Today, the OPSEU/SEFPO Local 249 – CWSDS Bargaining Team resumed negotiations with the Employer and a Ministry of Labour appointed mediator. We came in ready to negotiate and work toward a fair deal that would end this strike.
However, our employer was unwilling to work with us to achieve a deal today. Our priorities remain fair wages and good, safe working conditions. We have put forward wage demands that will help workers who have fallen behind catch up, and will ensure we can continue providing high-quality care to the people who need us. We began the day by extending an olive branch with a revised proposal to move closer to a deal, but the Employer stalled for hours and returned with an offer of just an additional 0.25% wage increase.
Workers at CWSDS have had years of wage freezes or 1% of general wage increases. We cannot accept the employer’s proposed general wage increases that amount to 1.38% per year. Not when the cost of living keeps rising, not when many of our members scramble to work second jobs, and not when skilled and dedicated workers are questioning if they can continue to work at CWSDS.
We know developmental services need more funding. Our Employer must advocate for funding immediately and prioritize quality care and respect for workers.

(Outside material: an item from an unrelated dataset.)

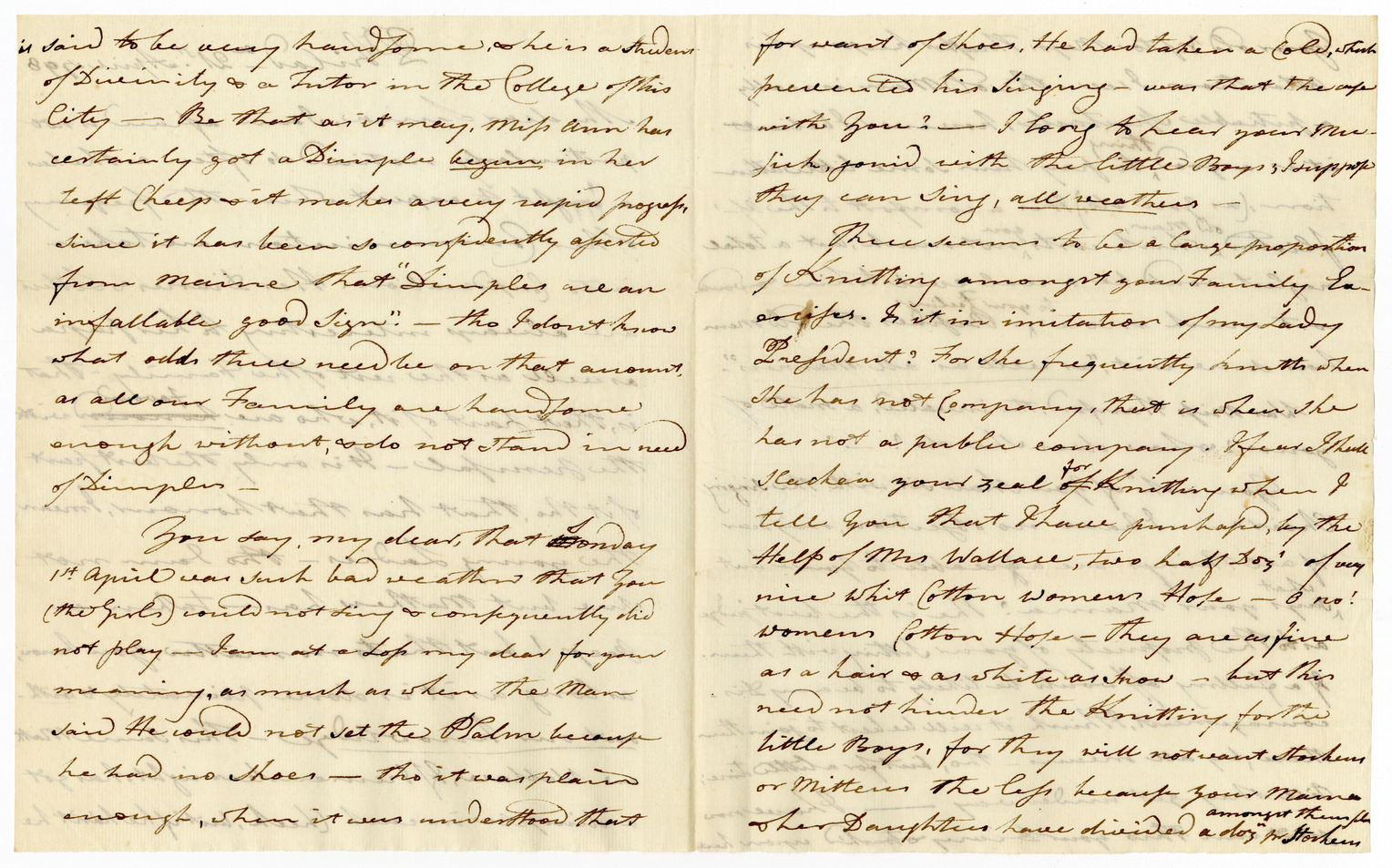 Philada 21st. April1798 My dear Lucia, I am afraid is not particularly noticed so often as she has a right to expect. When the frequency of her Communications are taken into Consideration. Her Diaries & Letters are always interesting to her papa as well as the rest of the Family – that is, that part of it, who are honour’d ^favoured with the penisal[sic] – it is only the best part of it tho, that has the honour, I mean the young Ladies – tho I am not sure but Mathew has – taken a peep! but that’s no matter, you know, as long as it is done privately & with-out our knowledge – This same Math-ew Wallace, If I remember right, has got a dimple in each Cheek, but if he han’t[sic] he (p. 2) is said to be very handsome, & he is a student of the Divinity & a Tutor in the College of this City – Be that as it may, Miss Ann has certainly got a Dimple begun in her left Cheep[sic] & it makes a very rapid progress, since it has been so confidently asserted From Maine that “Dimples are an infallable[sic] good sign.” – tho I don’t know what odds there need be on that account, as all our Family are handsome enough without, & do not stand in need of Dimples – You say, my dear, that MSonday[sic] 1st April was such bad weather that you (the Girls) could not sing & consequently did not play – I am at a loss my dear for your meaning, as much as when the Man said He could not set the Psalm because he had no shoes – tho it was plain enough, when it was understood that (p. 3) For want of Shoes, He had taken a Cold, which prevented him singing – was that the case with You? – I long to hear your mus-ick[sic] join’d with the little Boys, I suppose they can sing, all weathers – There seems to be a large proportion of Knitting amongst your Family Ex-ercises. Is it in imitation of my Lady President? For she frequently knitts[sic] when she has not Company, that is when she has not a public company. I fear I shall slacken your zeal of ^for Knitting when I tell you that I have purchased, by the Help of Mrs Wallace, two half dozn of my nice Whit Cotton womens Hose – O no! Womens Cotton Hose – they are as fine as a hair & as white as snow – but this need not hinder the Knitting for the little Boys, for they will not want stockens[sic] or Mittens the less because your Mama & her Daughters have divided a dozn pr Stockens ^amongst themselves (p. 4) Your old Visitor Major Thrasher keeps up his attention I see – the old man is really a pitiable Spectacle, however I believe it is a good ^thing to pay him some little atten-tion, (as you do,) It is a comfort to the Af-flicted ^old man, which costs ^you not much; but a total neglect would be a real evil to him & would cost much more ^to your Feelings. Besides the old man has some wit, “as well as all manners.” Was Miss Hanford, the invalid, a mate of yours? & how does She do? – You ask “If you shall sit with the singing Choir” - I have no objection, my Dear if all things are agreable to you – but ^what says your Mama? She is the best judge as to the propriety of your sitting with them. If a falling off would be likely to be any Dis-couragement, I think it will be best to join them there, by all means – tho, but for a little time; till they get underway – I have now just run thro your Diary & touch’d upon here (p. 5) & there a line; which has taken up the usual pages of a Letter, tho I think it generally most entertain-ing. (when a special answer is not as ne-cessary) to give Anecdotes & observations of things about us, when we are dis-tant from our Correspondents, rather than to spend many Observations on those things communicated to us – The latter leads us abroad, in imagination, in quest of Novelty; & the former leaves us at home, where we have the same story over & over again – Apropos – It is Saturday in the afternoon, there is no Congress, nor School, & the Weeks Work is over, consequently. I have the honour & the pleasure of seeing sitting in my Chamber here & there whilst I am writing this scroll All the younger part of the Family. Miss Edith (p. 6) & Rebecca are each sitting by the table with a Magazine in their hands – perusing them very demurely & little thinking that I am engaged in making any Observations on their Acct. Miss Ann sitting on the foot of the bed sewing her white gloves, such as are usual when a young Lady becomes a bride. Polly standing by the window reading, David looking over Miss Edith’s shoulder, tho I have often ^before told him not to do it. Robert & Marga-ret are rather noisy about the room playing with a little black turtle about as big as a dollar – the little young thing puts out his head & runs & creeps to their great diversion – (Children don’t make seashon ^quite so much – Noise, if you please) Add to this a brisk April Shower abroad with thunder & Lightening mix’d with hail, (p. 7) pattering on the Roof of the Kitchen before my window & you have a view of your papas as He sits scribling[sic], with his new Coclico Strip’d Silk Gown, put on this Afternoon for the first time, because the weather is warm – Miss Edith made my Gown & it suits nicely – Ay, & she has got her trade too, as nicely; for in making up the Piece, only two Gowns, one for Mathew & the other for myself, She has, by dint of the Art made & saved Cabbage enough to make herself a short gown or what ever it may be called – Who could have thot there had been so much Art in so plain a piece of Work!!! - Ladies, what do you find in the magazines -? Miss Duffield is married – nothing else? I was only looking of ^for the Marriages! So you see my dear Lucia how it is Adieu – PW.
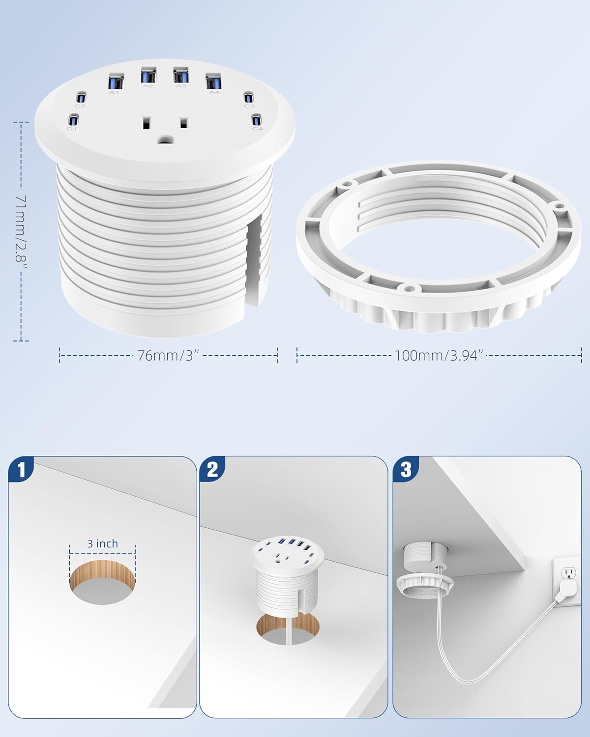 Jgstkcity 65W USB-C Hidden Desktop Power Grommet: 1 AC Outlet,8 USB Charging Ports,3'' Hole Flush Mount Pop-Up Power for Conference Tables & Nightstands (Whtie, 6 FT)

We know they have not advocated for pockets of funding that they are eligible for, that they fall far behind other agencies in fundraising, and they have chosen to increase spending on “consulting and professional fees” to $3 million in 2024 – a six-fold increase.
We are out on strike right now, fundamentally, because of the Employer’s actions:
- It was CEO Patricia Kyle who filed for a No Board report when the union had not even taken a strike vote, giving the employer the power to lock us out.
- It was CEO Patricia Kyle who relocated residents from their group homes as a so-called “contingency plan.”
- It was CEO Patricia Kyle who pushed workers to the brink through aggressive actions in bargaining, creating a toxic workplace and unsafe conditions – forcing residents to live in overcrowded conditions and forcing workers to train contracted agency staff who could replace them at any moment.
- It was CEO Patricia Kyle who spent tens of thousands of dollars on agency workers who she hired to prepare for a potential lockout.
- And it continues to be CEO Patricia Kyle who denies how serious and untenable this situation has become, touting excellence in care in the face of serious safety incidents.
We as workers at CWSDS do this job because we care. The work we do is important. It is skilled work and it is work done with compassion and dedication.
We are not out here because we want to be. We are here because our employer left us no choice – and because the people we support deserve safe, stable, high-quality care.
We are ready to get back to mediation when CEO Patricia Kyle gets serious about coming to a deal.